* _INFORMATION SUPPLIED_

----------

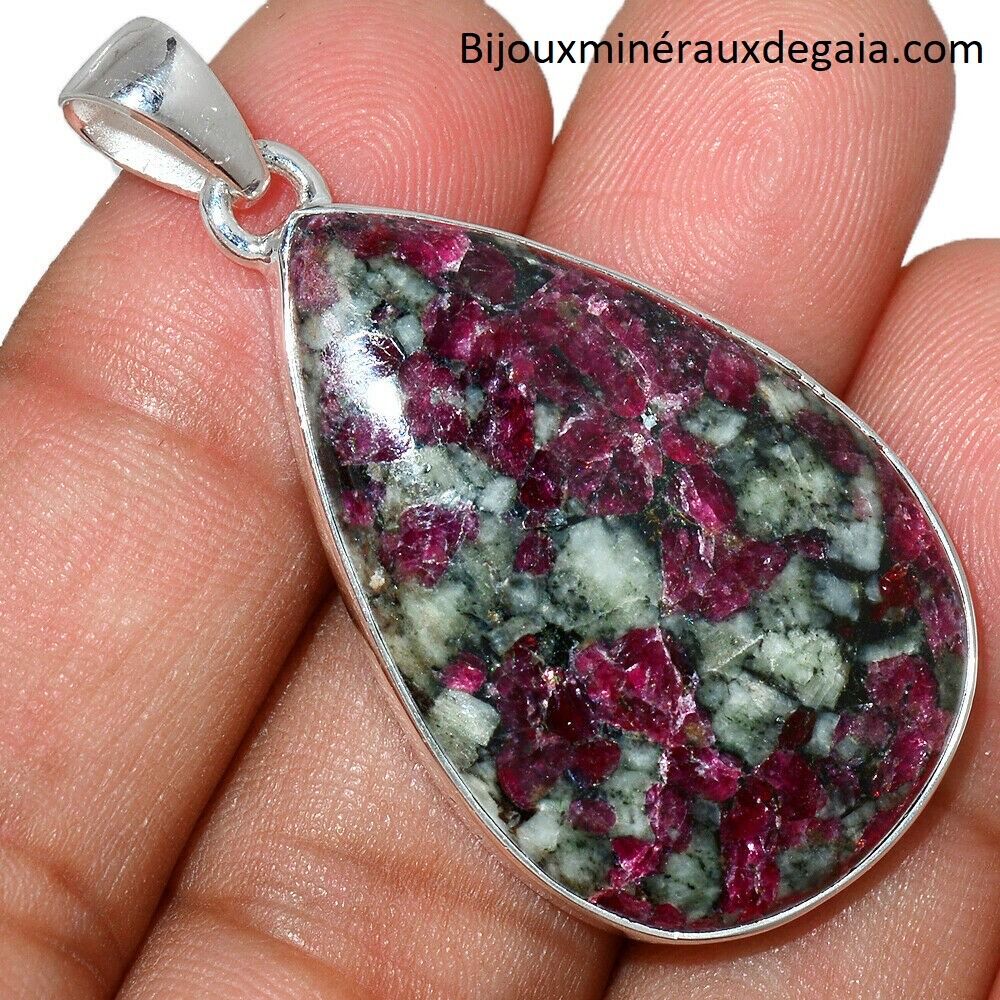 L’eudialyte, est une pierre exceptionnelle du groupe des silicates découverte au Groenland. Son nom provient d’un mot grec qui signifie facilement décomposable à cause de sa composition soluble dans l’acide. Ce minéral naturel a une composition chimique complexe. Il contient du calcium, du manganèse, du cyclosilicate de sodium, du fer, du cérium et du zirconium.
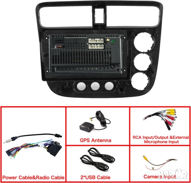 Пълен комплект с цялата рамка, преходни кабели и букси, декодери, предназначени и съвместими за монтиране на конкретния модел автомобил.
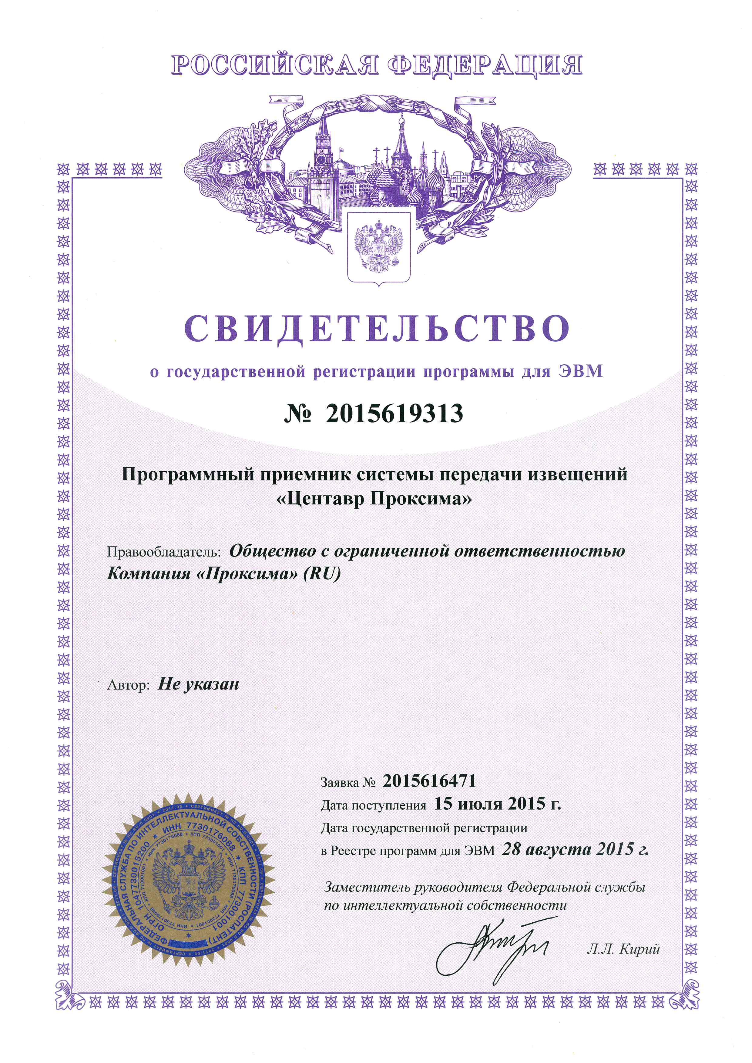 Свидетельство о государственной регистрации программы для ЭВМ

----------

Pictures should not appear; only the lines from the start of the listing above to the line containing "Пълен комплект с", both ends included, are to be repeated exactly.

 L’eudialyte, est une pierre exceptionnelle du groupe des silicates découverte au Groenland. Son nom provient d’un mot grec qui signifie facilement décomposable à cause de sa composition soluble dans l’acide. Ce minéral naturel a une composition chimique complexe. Il contient du calcium, du manganèse, du cyclosilicate de sodium, du fer, du cérium et du zirconium.
 Пълен комплект с цялата рамка, преходни кабели и букси, декодери, предназначени и съвместими за монтиране на конкретния модел автомобил.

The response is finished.